++++ Data provided ++++
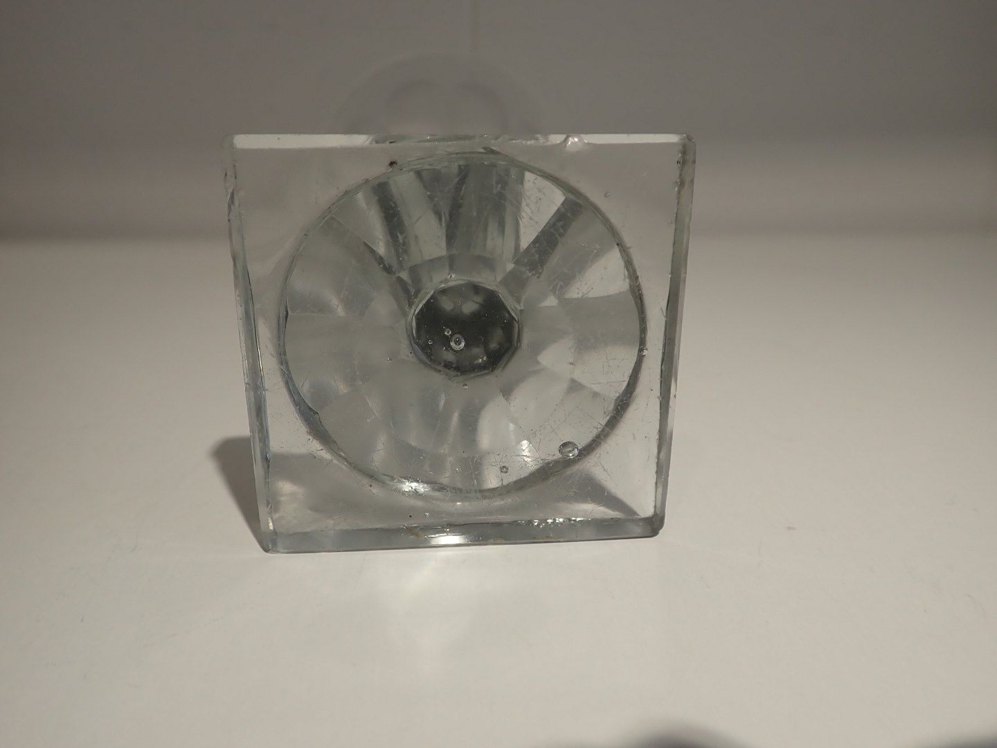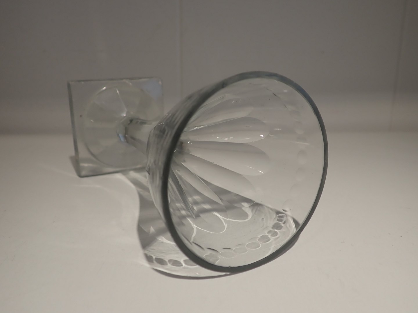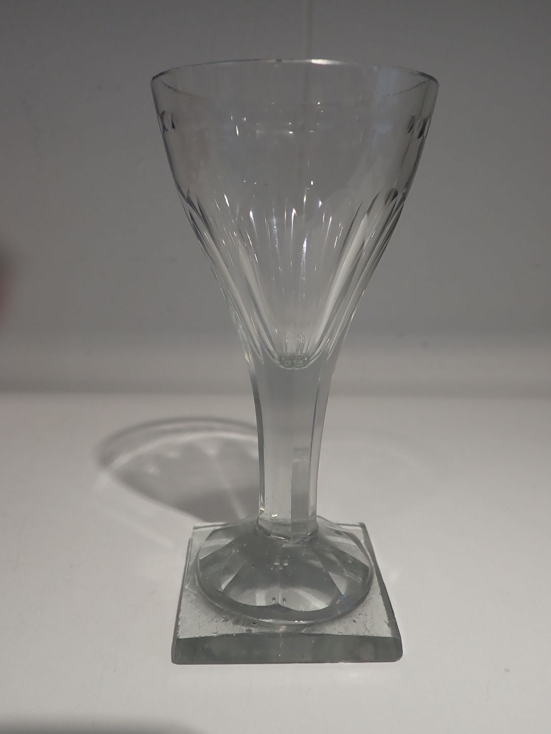 Svensk vinglas på firkantet fod med kantslibning og facetslibning på glassets bund og fod. Sleben puntelmærke. Ca. 1850. Højde: 13,4 cm. I tidstypisk stand med brugsslid.
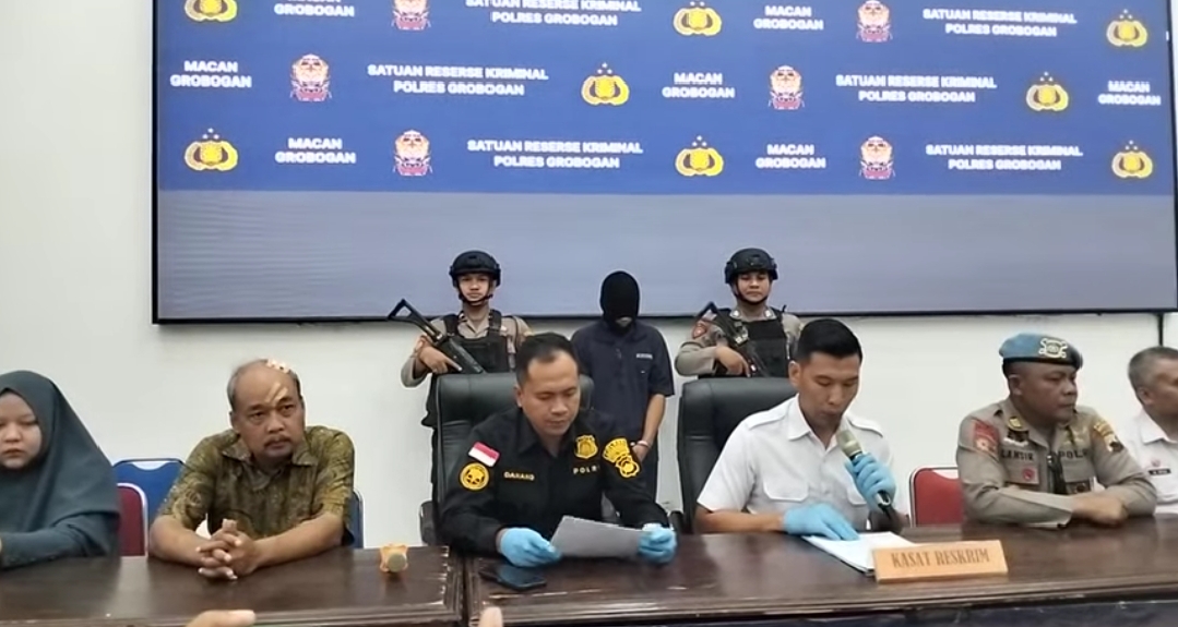 TAMBUNPOS.COM || GROBOGAN – Satreskrim Polres Grobogan berhasil meringkus VR (21) tersangka pelaku pencurian dengan kekerasan di SD Negeri 02 Penawangan pada Senin 14 April 2025 sekira pukul 04.30 pagi. Hal tersebut disampaikan oleh Kasat Reskrim Polres Grobogan AKP. Joko Agung Haryono saat konferensi Pers yang digelar pada Rabu, ( 23/04/2025).
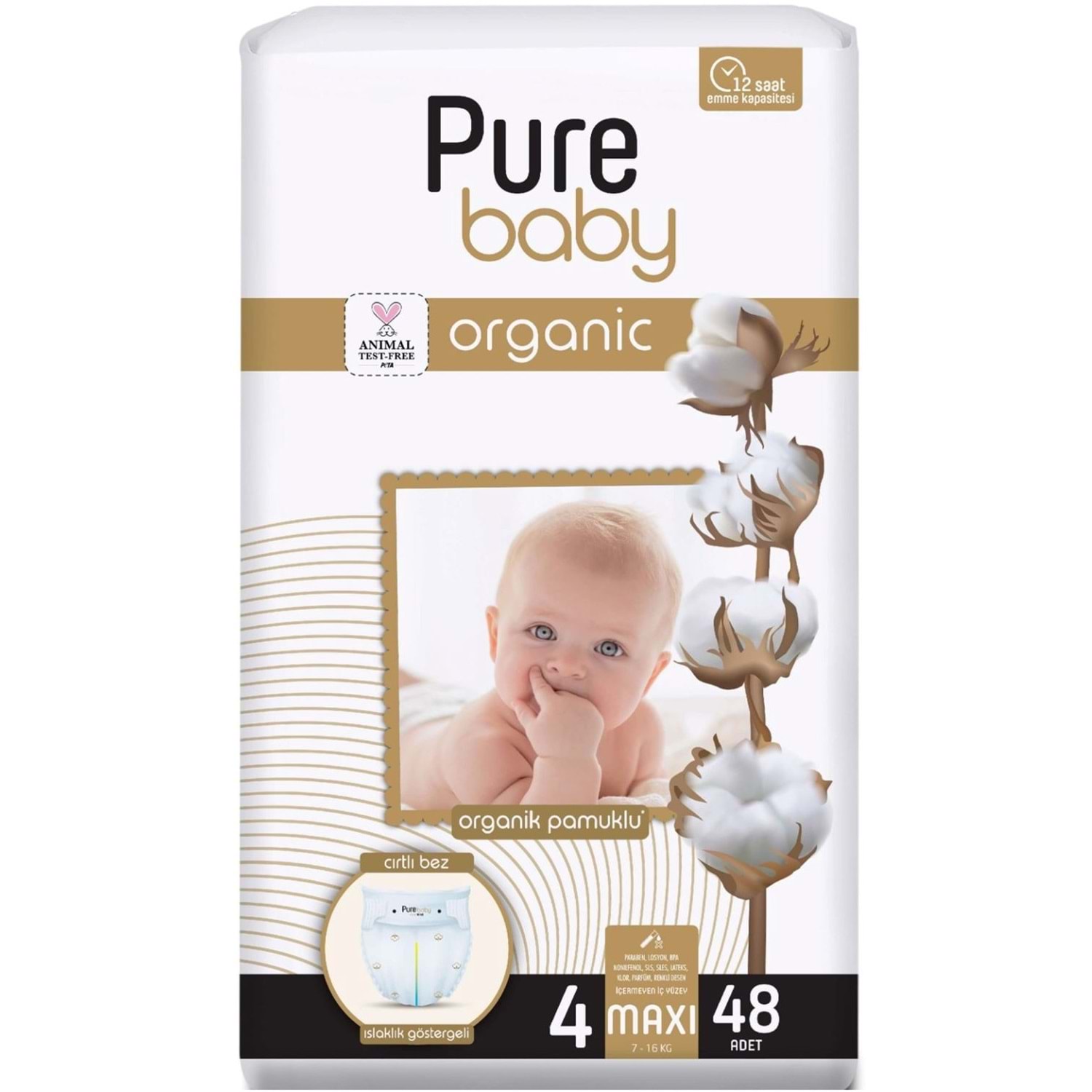 Pure Baby Organik Bebek Bezi 4 Beden 7-16 KG Maxi 144 Adet Aylık Fırsat Pk (3PK*48)
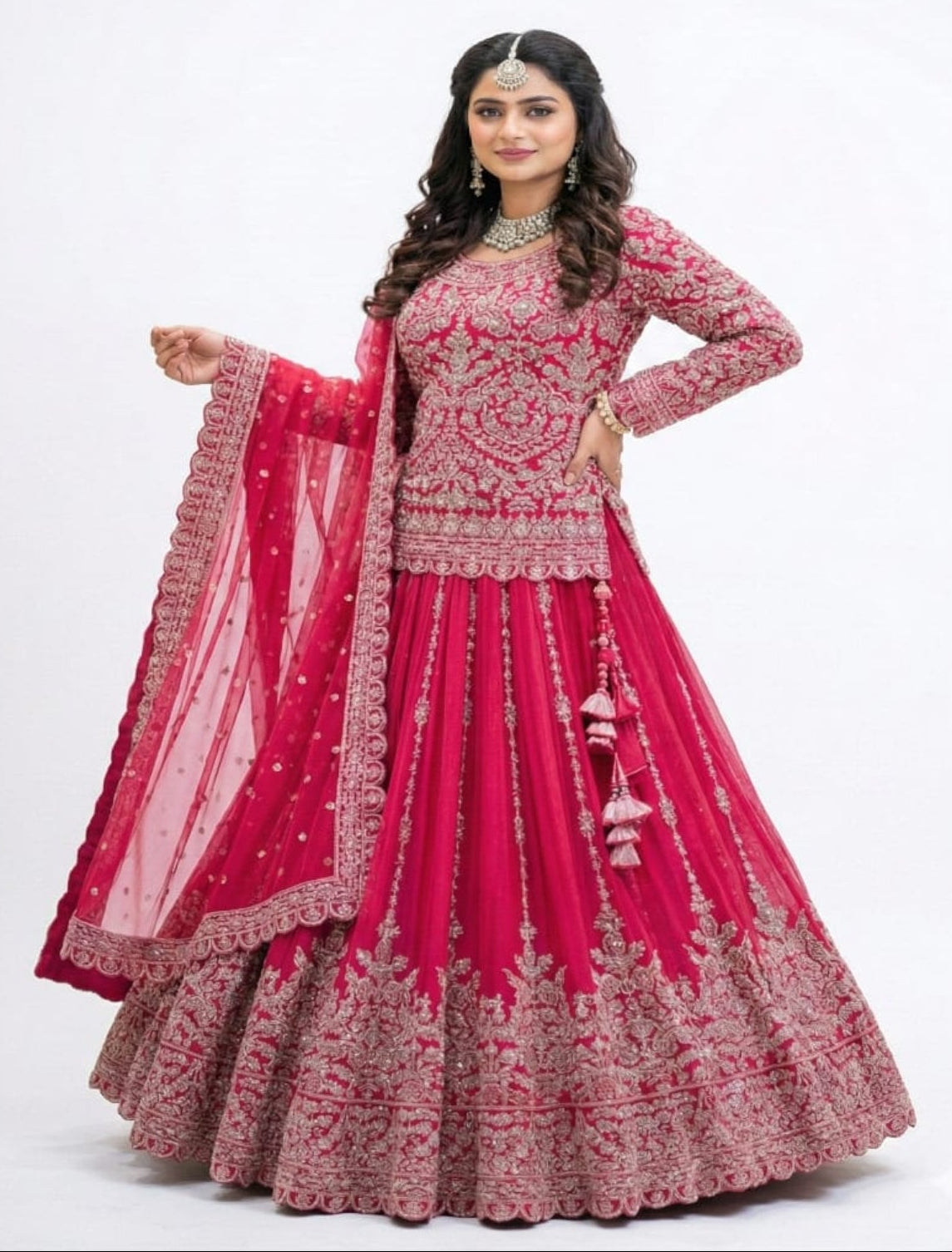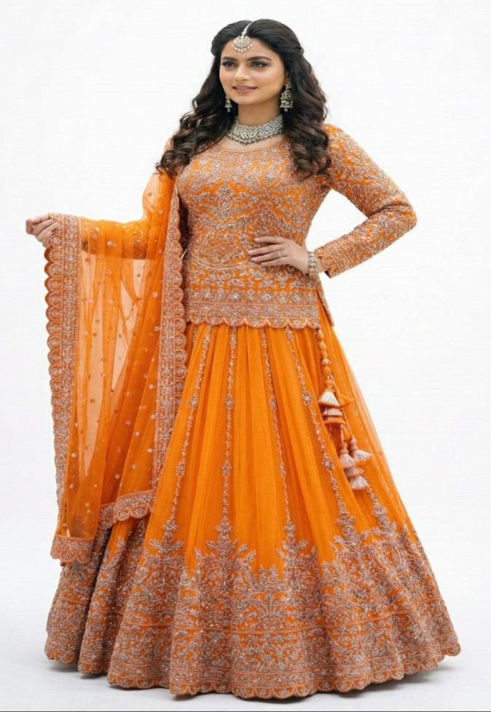 Bottom (Lehenga): Flared Net Lehenga with rich embroidered hem
++++
What you will do:
I'd like the material above repeated exactly, with the pictures omitted.

Solution to this task:
 Svensk vinglas på firkantet fod med kantslibning og facetslibning på glassets bund og fod. Sleben puntelmærke. Ca. 1850. Højde: 13,4 cm. I tidstypisk stand med brugsslid.
 TAMBUNPOS.COM || GROBOGAN – Satreskrim Polres Grobogan berhasil meringkus VR (21) tersangka pelaku pencurian dengan kekerasan di SD Negeri 02 Penawangan pada Senin 14 April 2025 sekira pukul 04.30 pagi. Hal tersebut disampaikan oleh Kasat Reskrim Polres Grobogan AKP. Joko Agung Haryono saat konferensi Pers yang digelar pada Rabu, ( 23/04/2025).
 Pure Baby Organik Bebek Bezi 4 Beden 7-16 KG Maxi 144 Adet Aylık Fırsat Pk (3PK*48)
 Bottom (Lehenga): Flared Net Lehenga with rich embroidered hem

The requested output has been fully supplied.